Care/RSL/VR refer the customer to Retail

Follow these steps before sending a customer into the store when they cannot receive OTP:

  1. Confirm the BRP has a valid ID that can be scanned.
  2. Confirm the BRP can visit a retail store to verify the account with their ID.
  3. Tell the customer that after a Mobile Expert verifies their account with an ID, they can complete some common transactions that require an OTP.

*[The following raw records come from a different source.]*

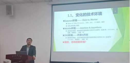 讲座伊始,鲁耀斌教授首先介绍了我国近十年间新技术环境的变化,从Internet环境,Mobile环境和SNS环境三个方面进行了详细分析,指出当前我们面临新的环境,AI技术和大数据快速崛起,网络环境经历了Internet—Mobile—loT的变化,人们的需求也从最初对有形产品的需求转变为对无形服务的需求。智能和互联两个要素在变化过程中起着关键作用。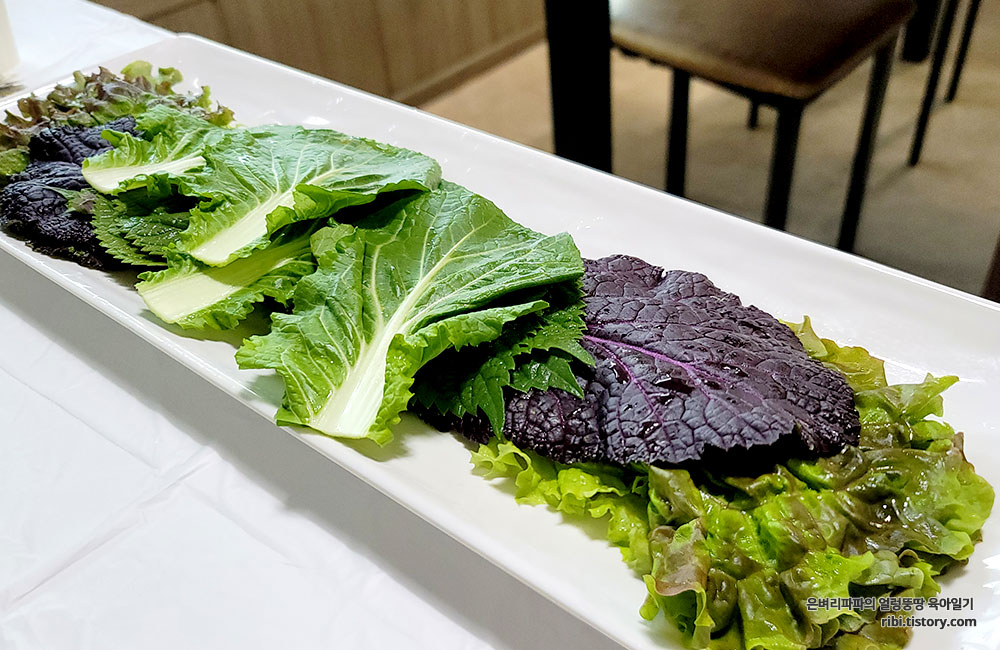 밥이 나오기도 전에 싱싱한 채소에 고기를 싸서 먹었습니다.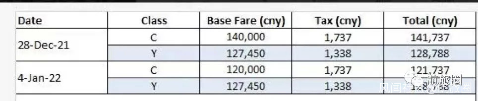 然而,土航同一時間發給票代的價格表,則有1月4日的經濟艙在售,但價格超過12萬,不僅高於官網在售的商務艙,甚至還高於了給票代的價格表上的商務艙,形成經濟艙與商務艙價格倒掛的“奇觀“。

Cannot verify OTP/Verification Team process

Care/VR only

If the customer cannot get an OTP due to the customer not having a device active on the network (such as lost/stolen), and the customer cannot update or verify their PIN in self-service:

  • Refer the customer to Retail for assistance to have their acceptable ID verified.
  • Only if the customer cannot go to Retail due to a mobility or distance issue, partner with your Coach or Team Manager for assistance to use all available options, including the Verification Team as a last-resort. Reference the Verification Team section in Account verification: Care / VR under Unauthorized or Unable to Verify.

Retail only

If the customer cannot get an OTP due to the customer not having a device active on the network such as lost/stolen, and the customer’s ID is not able to be scanned, the Verification Team may be able to assist. Use Account Verification - In Store > Account PIN/ID verification issue (Contacting the Verification Team) section.